= What you should do =
With pictures omitted, copy exactly every line from the one that contains "Điện Thoại &" to the end of the listing below.

= Data to use =

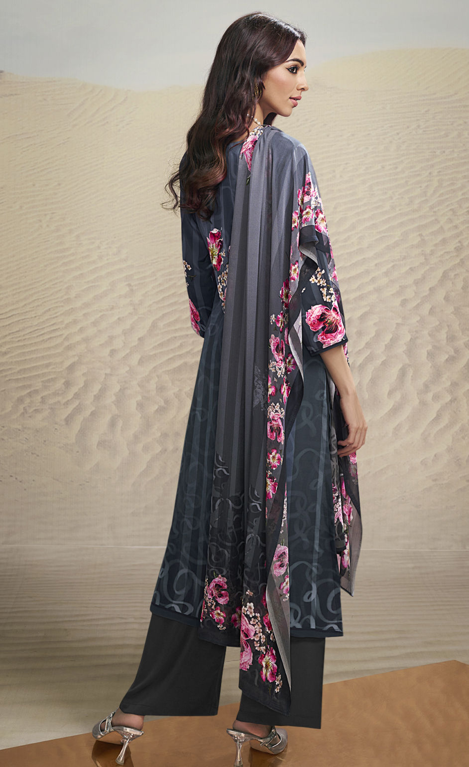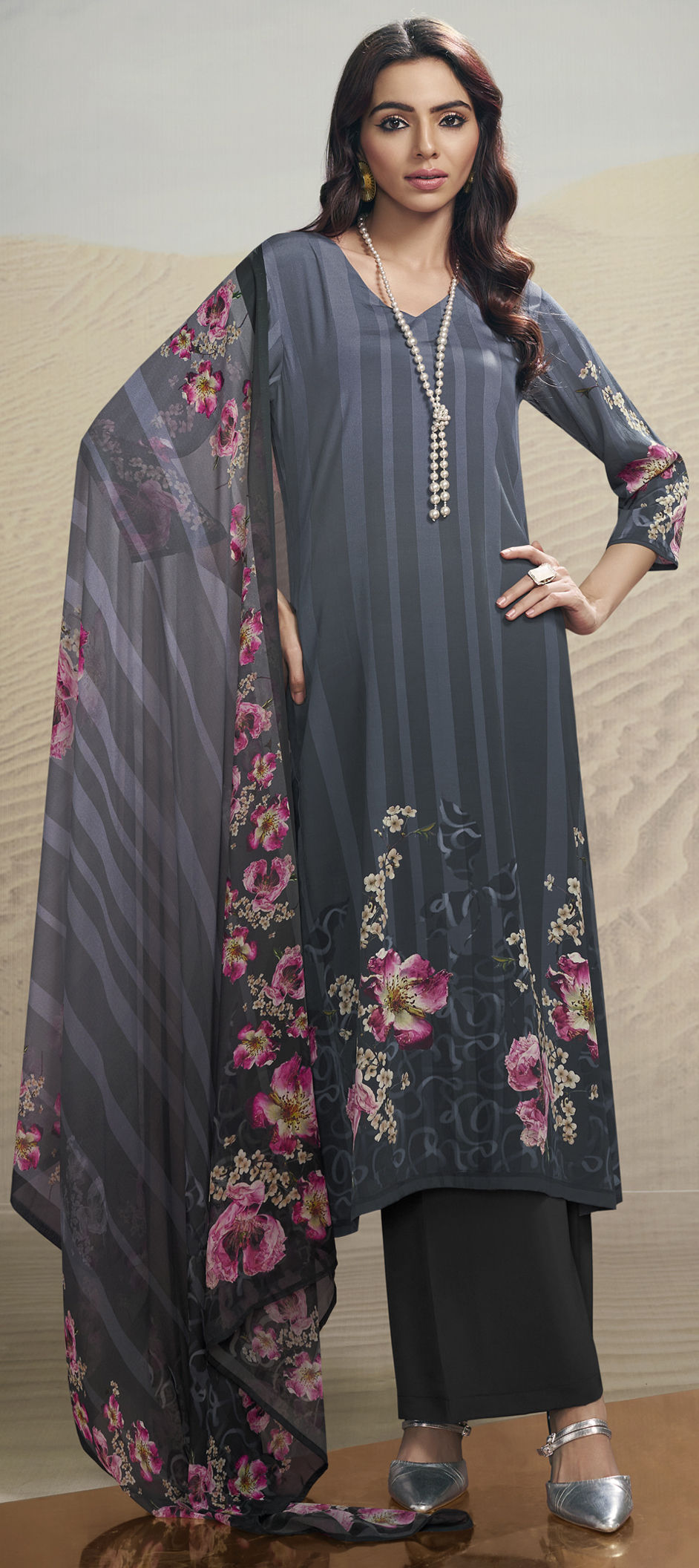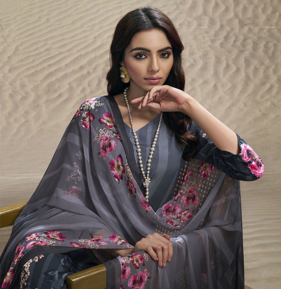 Black and Grey color Salwar Kameez in Crepe Silk fabric with Digital Print, Floral work
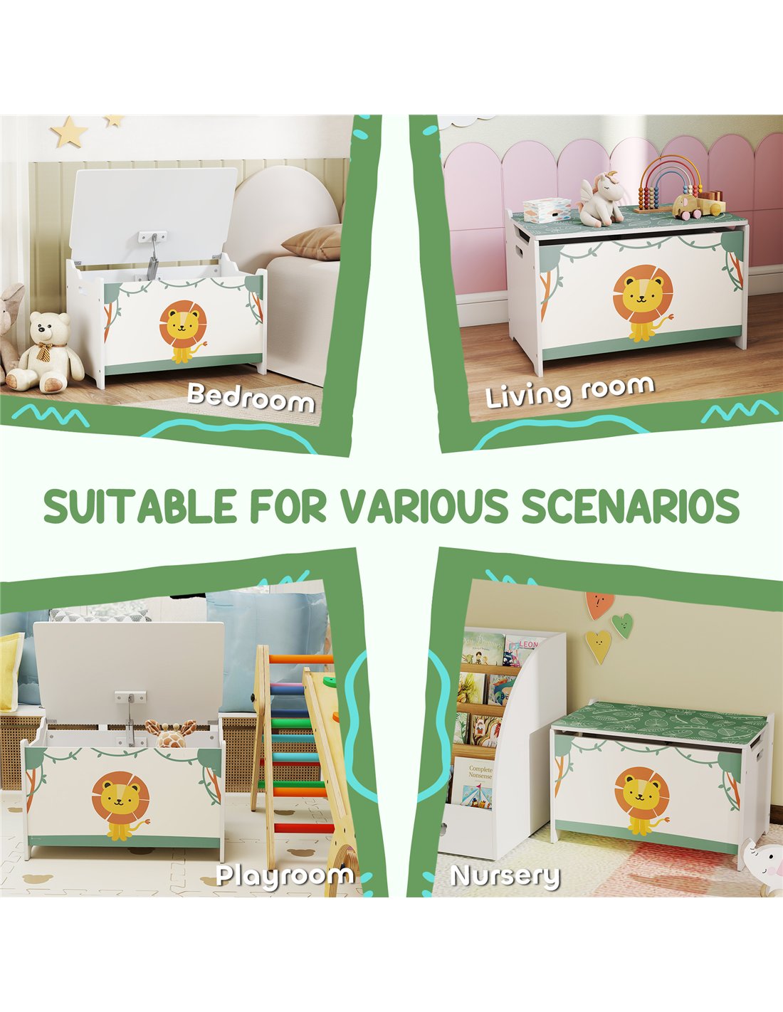 - A: Yes, it includes safety hinges to prevent the lid from slamming shut, protecting little fingers. It meets safety standard EN71-1-2-3 and is suitable for children aged 3-8 years.
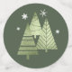 Diseños de coordinación para Navidades con un tema exterior en tonos verde y blanco musgo; el primero incluye siluetas de cabeza de ciervo con cortantes curvados, flechas estilizadas y pequeños copos de nieve sobre un fondo de efecto texturizado; el segundo es rayas en dos tonos verdes y blancos, mientras que el tercero es un patrón de árboles estilizados de Navidad y copos de nieve sobre un fondo verde más oscuro. El texto 'Felices vacaciones' es opcional. Busque ID861 a ID864 para ver opciones de color adicionales y otros productos en este moderno conjunto de diseño de Navidades.
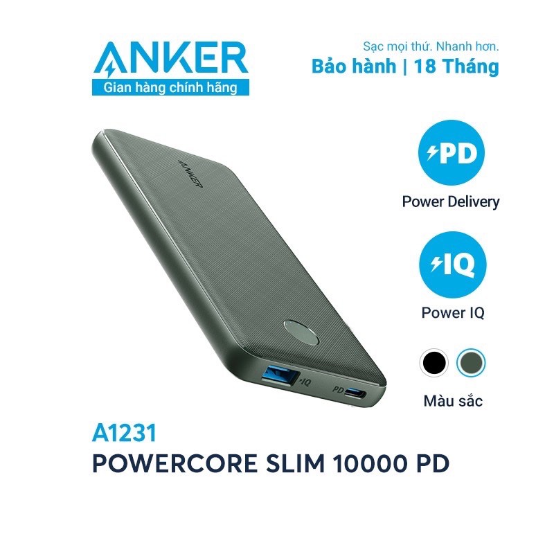 Điện Thoại & Phụ Kiện > Phụ kiện > Sạc dự phòng & Pin > Sạc dự phòng || [Mã 263ELHA100K0 hoàn 7% đơn 500K] Pin dự phòng ANKER PowerCore Slim 10000mAh PD - A1231Còn hàng
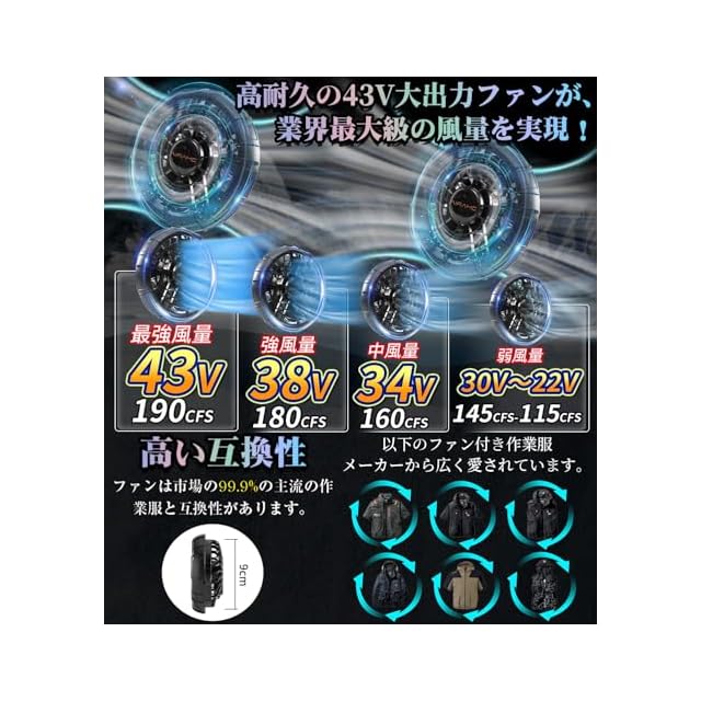 【2025年注目作】43V超高出力 ファンバッテリーセット 空調作業服用ファンバッテリーセット(搭載EVEエナジー製高い安全性21700型電池)建築業 製造業 工場 農作業 設備業 釣り 熱中症対策 その他各種作業服対応 [日本正規品]

= Your response =
 Điện Thoại & Phụ Kiện > Phụ kiện > Sạc dự phòng & Pin > Sạc dự phòng || [Mã 263ELHA100K0 hoàn 7% đơn 500K] Pin dự phòng ANKER PowerCore Slim 10000mAh PD - A1231Còn hàng
 【2025年注目作】43V超高出力 ファンバッテリーセット 空調作業服用ファンバッテリーセット(搭載EVEエナジー製高い安全性21700型電池)建築業 製造業 工場 農作業 設備業 釣り 熱中症対策 その他各種作業服対応 [日本正規品]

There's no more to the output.